URAC Launches First AI Accreditation Program for Healthcare Users Developers
The program evaluates risk management, business management, and performance monitoring, with specific modules for each pathway.
Healthcare accreditation body URAC has introduced the nation’s first accreditation program for healthcare artificial intelligence, covering both users and developers. The program evaluates risk management, business management, and performance monitoring, with specific modules for each pathway.
“We think that this is a great opportunity to give people that seal of approval, that gold star, that someone independent has gone in behind the scenes and audited to make sure that this is trustworthy,” said Shawn Griffin, M.D., CEO and president of URAC.
The accreditations share common requirements such as regulatory compliance, consumer data protection, impact analyses, and staff management. To shape the framework, URAC convened an advisory group of insurance plans, providers, pharmacies, technology companies, and legal experts. Applications are anonymized and reviewed by an independent board to ensure impartiality.
“Nobody can buy our accreditation,” Griffin said. “You don't get it based on reputation. You get it based on your behavior.”
Standards for Developers and Health Systems
Developers seeking accreditation must submit information on data training, governance, pre-deployment testing, model drift management, and disclosure procedures. For users, including health systems and provider organizations, URAC requires plans detailing how AI will be tested, monitored, and applied responsibly for specific populations.
Griffin explained, saying, “Are we using tools in the right way, the way they're designed? Are we monitoring them, appropriate for the risk that it brings into the interaction? Are we informing the patients? Are we informing the providers, and do we have a plan on what if it goes wrong?”

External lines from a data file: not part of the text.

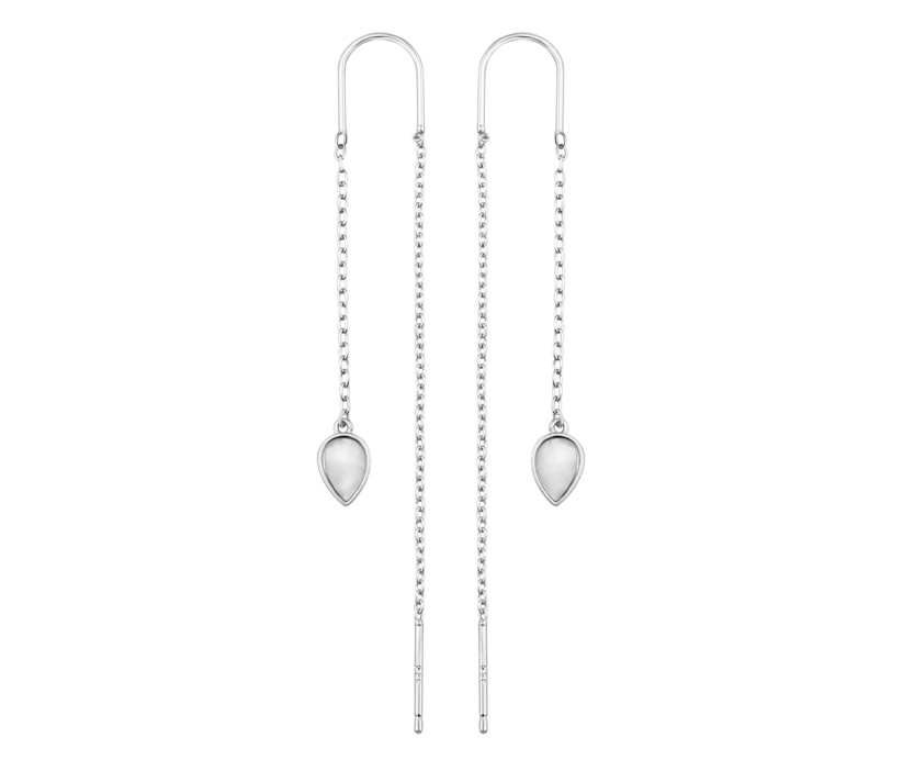 Strieborné retiazkové náušnice Azaria o dĺžke 10 cm s príveskom kvapky s perleťou
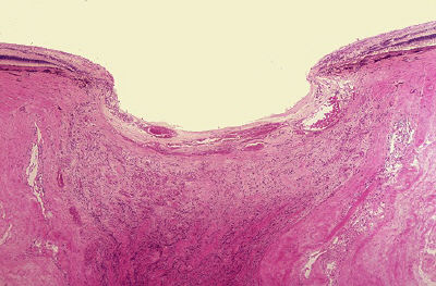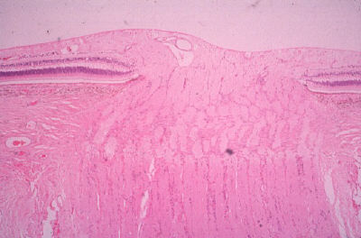 What does the above specimen show? Answer There is loss of the nerve fibre layer and near complete excavation of the optic nerve head. (see pictures at the bottom of the page which compare the above specimen and a normal optic nerve head.) What is the most likely cause for this appearance? a Answer Primary open angle glaucoma.
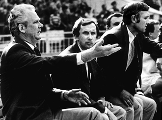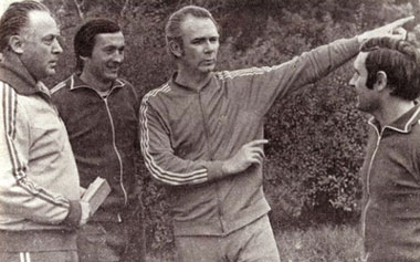 | Тренерский штаб киевского «Динамо»: Михаил Коман, Михаил Фоменко, Валерий Лобановский и Анатолий Пузач, 1980 год |
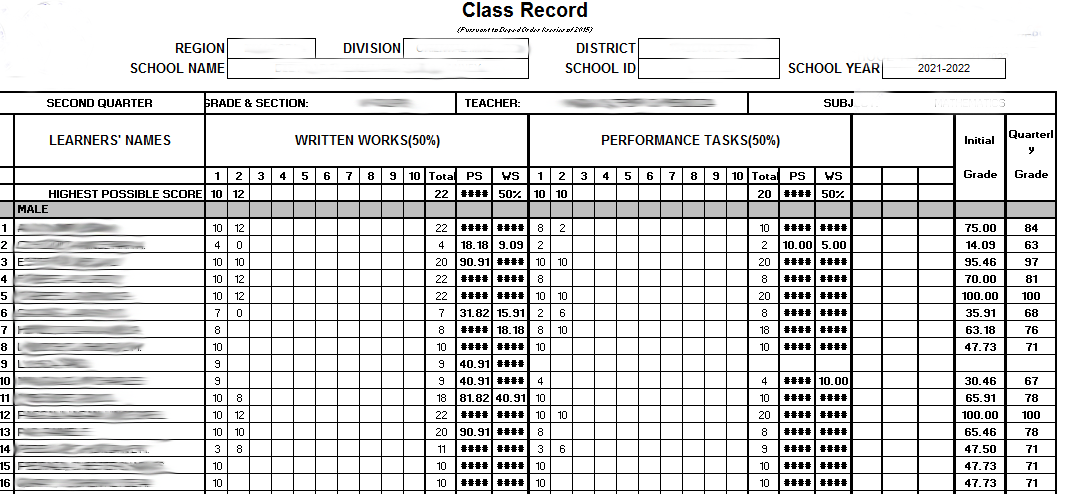 Data Entry Sample Works (Grades of Students)

While URAC applies the same principles across organizations, expectations vary by size and resources. “What we're going to say is, what is your governance structure? How are you vetting these tools? How are you rating these tools? And what's your oversight monitoring and your feedback loop? And that's not going to be dependent upon whether you have 27 full-time people,” Griffin said.
Addressing Gaps Amid Regulatory Shifts
Griffin noted that accreditation can adapt faster than regulation, with updates expected within months of launch to keep pace with evolving technology. Trust and safety issues can trigger immediate revisions.
He added that URAC accelerated the rollout due to the absence of federal oversight after the rescinding of the Biden administration’s executive order on responsible AI. “When the new administration came in, what happened was they said, 'OK, that rule is suspended,'” Griffin said.